- Theatrical release poster
- Directed by: James W. Roberson
- Screenplay by: Donald G. Thompson
- Story by: Michael O. Sajbel; Bret Thompson Plate; Brad White;
- Produced by: Ed Carlin
- Starring: James Houghton; Albert Salmi; Lynn Carlin;
- Cinematography: Leon Blank
- Edited by: Al Rabinowitz
- Music by: David Gibney
- Production companies: Carolco Pictures; Penaria Corporation;
- Distributed by: Almi Pictures
- Release dates: August 26, 1982 (Philippines); January 25, 1985 (New York City);
- Running time: 85 minutes
- Country: United States

= Superstition (1982 film) =

1982 slasher film by James W. Roberson

Superstition is a 1982 American supernatural slasher film directed by James W. Roberson and starring James Houghton, Albert Salmi, Lynn Carlin, and Larry Pennell. The film follows a family who move into a house plagued with a history of violent unsolved murders, which was built on the site of a witch's execution in the 17th century.

An independent production headed by Carolco Pictures, Superstition was filmed on location at the historic Garbutt House in Silver Lake, Los Angeles in 1981.

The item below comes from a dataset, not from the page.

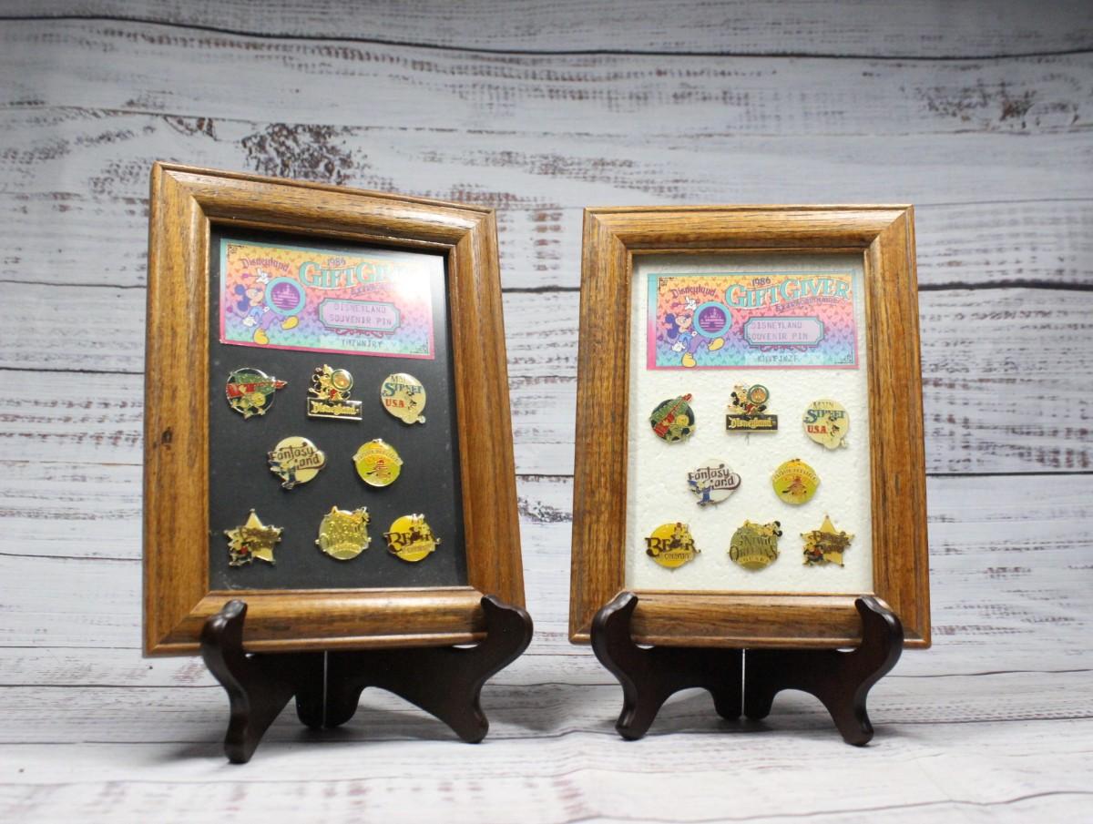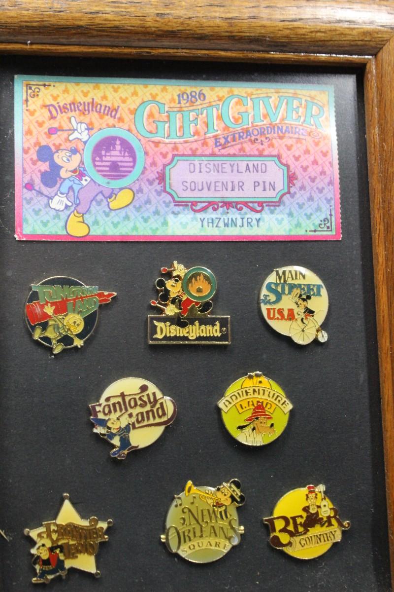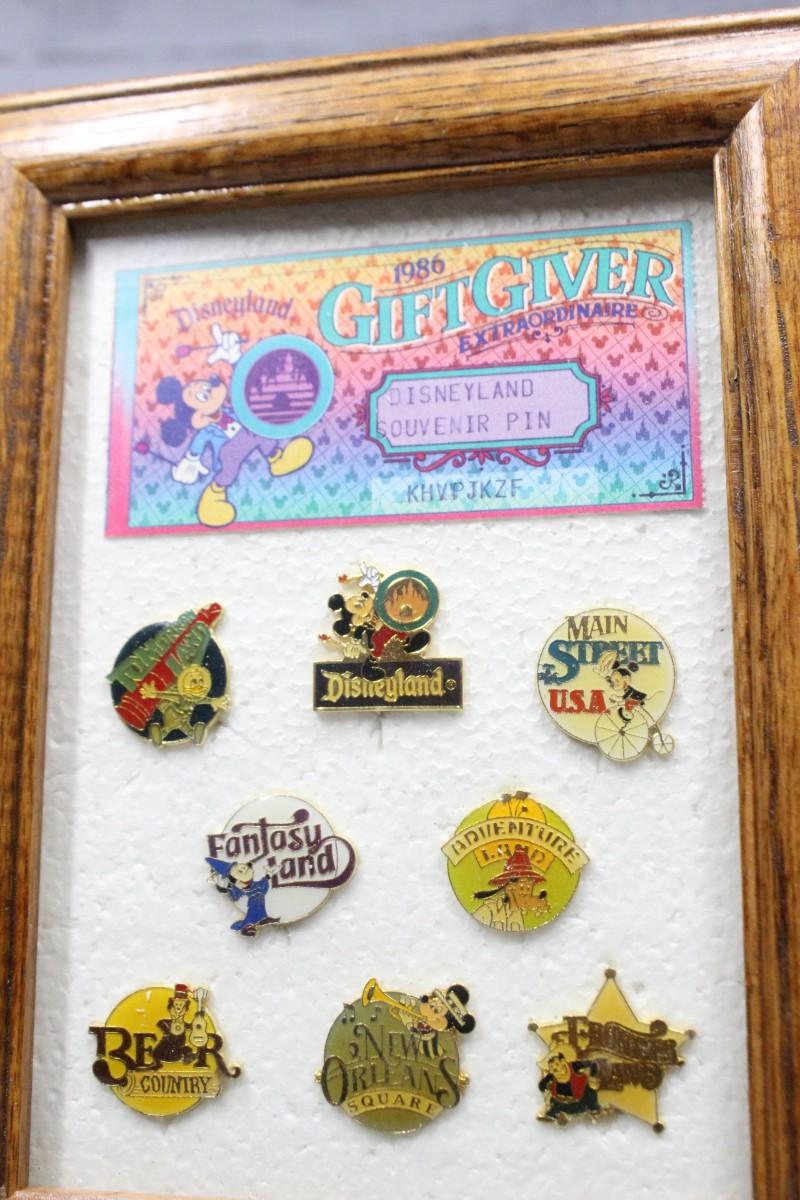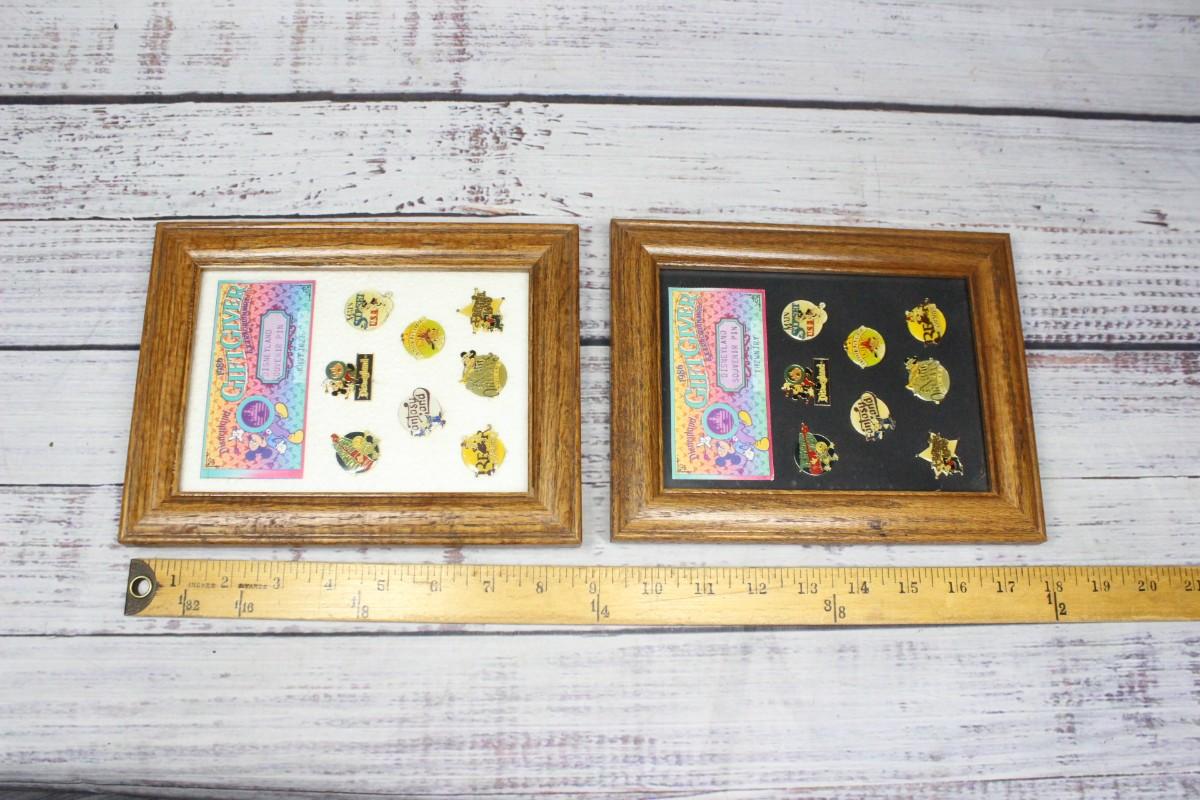 Vintage Pair of Framed Disneyland's 30th Anniversary Gift Giver Collectible Pins & Tickets Set 3, comes with two complete Disney Gift Giver Pin lots framed with their ticket. These pins were given to guests at the Disneyland Park. There is no damage to the frame or protective glass, check pictures for more details and for sizing. The white background is foam core that was used to mount the pins in place.

Released internationally in 1982, Superstition performed well at the foreign box office, but did not receive a theatrical release in the United States until 1985. In the United Kingdom, the film was scrutinized by censors during the "video nasty" panic, though its home video release there was so successful that it was reissued for theatrical release in its uncut form under the alternative title The Witch in 1985.

==Plot==
Two young men are brutally murdered by an unseen force in an abandoned house after playing a prank on a young couple outside in their car. A short time later, Inspector Sturgess and his partner Hollister visit Reverend David Thompson, a new clergyman assigned to the local parish who is assuming the role of an elderly minister, Reverend Maier. The abandoned house being on church's property, Sturgess voices concern about the house being a local dumping ground, and cites the recent murders of the two teenage boys, which he believes are occult-driven, as well as the drownings that have occurred in the pond next to the home.

David, Maier, Sturgess and Hollister visit the property. They meet Arlen, the mute caretaker, who appears to be mentally ill. Elvira, Arlen's aging mother, resides in an adjacent bungalow. Sturgess suspects Arlen of the recent murders. While standing on the pond's dock after chasing Arlen, Hollister is dragged into the water by an unseen assailant. Enraged after hearing of David's plans to have the pond drained, Arlen eludes the police and disappears. Sturgess and Maier interview Elvira, but she tells them only that Arlen is obeying some mysterious "mistress."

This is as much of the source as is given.